OpenFOAM® v1712: New and improved parallel operation

31/12/2017

New collated file input and output

OpenFOAM’s input and output (I/O) system has received an update that provides users with the choice of how to read and write OpenFOAM data files. All I/O is now redirected through an object called fileHandler. This file handler can be selected through a standard run-time selection model. This release ships with three file handlers which differ in how they handle parallel operation:

  • uncollated : This is the normal behaviour where in parallel every processor writes its own processorXXX directory.
  • masterUncollated : Special version of uncollated that performs all I/O on the master, and therefore does not require NFS (but is slower).
  • collated : This writes all processors into a single file. This drastically reduce the number of files generated for parallel runs. For each output time a single field file is assembled, as opposed to all fields being written per processor, e.g. Looking at the $FOAM_CASE directory, instead of seeing directories processor0 processorN, a single processors directory is written.

Note that the available fileHandlers can be extended via user libraries loaded through the libs entry in the system/controlDict, and then enabled by overriding the fileHandler in the OptimisationSwitches - see below.

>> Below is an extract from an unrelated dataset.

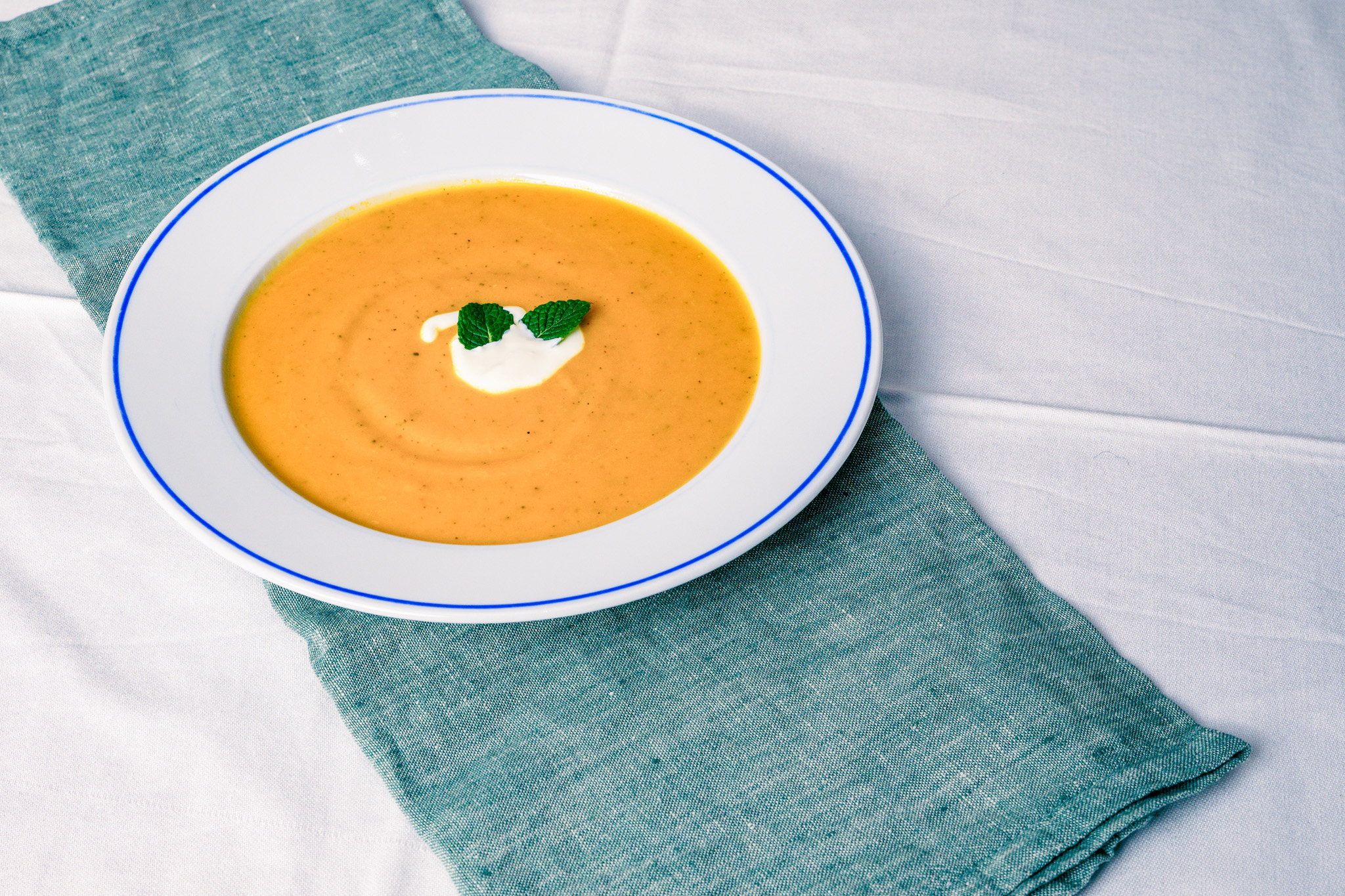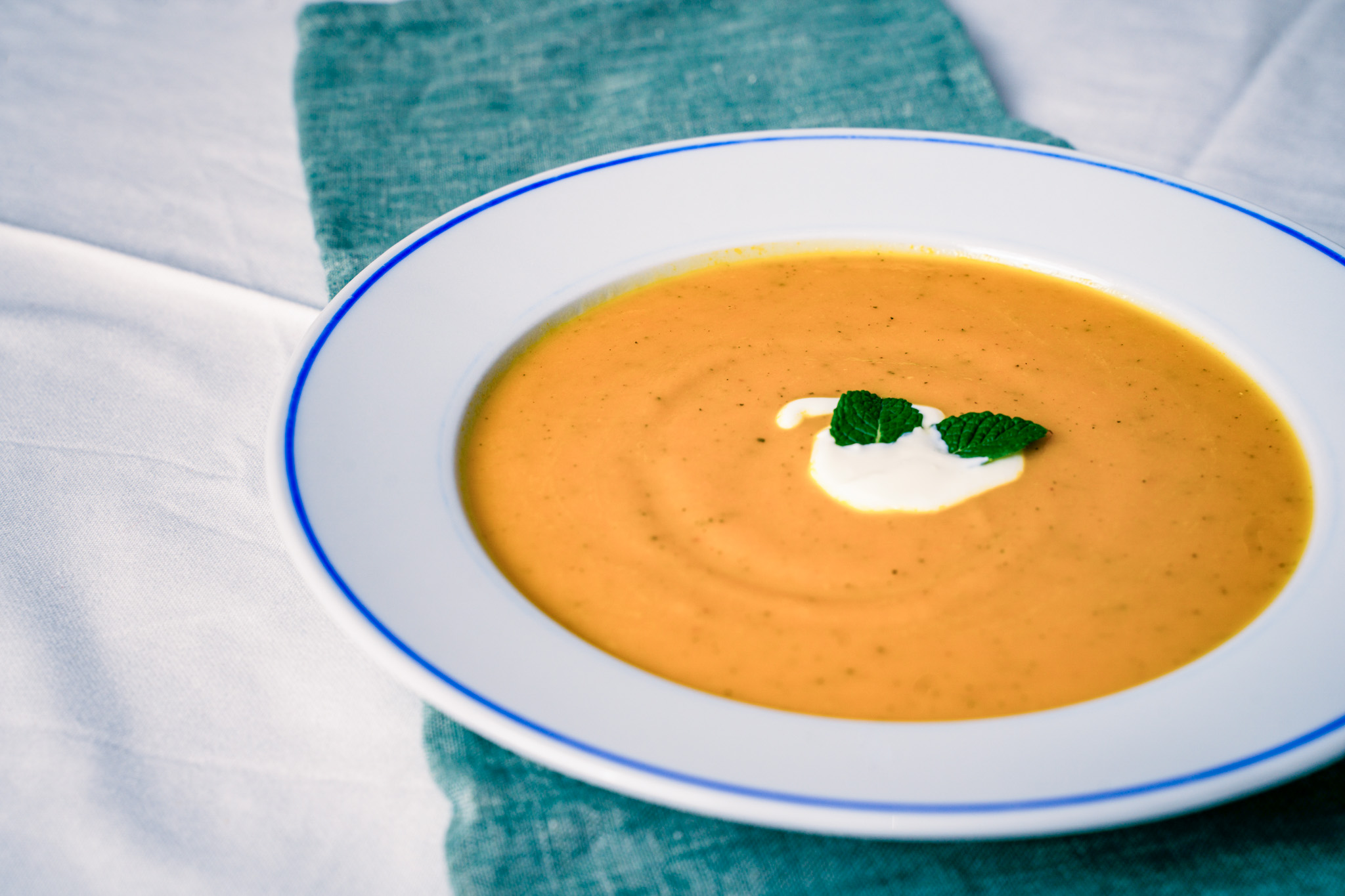 Mit je einem Teelöffel Naturjoghurt und etwas Minze garnieren.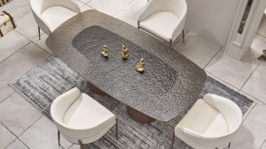 Стол Antique Crystal Glass Table Set позволяет отразить ваш собственный стиль благодаря широкому выбору цветовых решений. Вы можете выбрать для ножек стола 7 вариантов статичного окрашивания (черный матовый, черный глянцевый, сатин, роза, крем, белый и антрацит), для столешницы - 3 варианта цвета хрустального стекла (дымчатый, бронзовый и синий), а для стульев - 23 варианта цвета в 3 видах ткани. Таким образом, вы можете создать комбинацию, которая наилучшим образом подойдет к оформлению вашего дома и отразит ваш личный вкус.

The fileHandler can be selected (in order of precedence):

  • through the environment variable FOAM_FILEHANDLER
  • as a setting in the OptimisationSwitches dictionary located in the $WM_PROJECT_DIR/etc/controlDict file, or the per-user override in the  /.OpenFOAM/v1712/controlDict file or per-case override in the $FOAM_CASE/system/controlDict file

    OptimisationSwitches
    {
        //- Parallel IO file handler
        //  uncollated (default), collated or masterUncollated
        fileHandler uncollated;
    }
  • as a command line option -fileHandler:

    decomposePar -fileHandler collated

From a user perspective, the collated option may be beneficial if there are too many files; note that collated operation is generally no faster than using NFS. To activate the collated file handler, two additional entries should be updated in the OptimisationSwitches dictionary:

  • maxThreadFileBufferSize must be set to a non-zero value, defined as the size in bytes of the buffer. If the buffer is too small to receive all of the data it will be received in the write thread, which requires the MPI to have full thread support.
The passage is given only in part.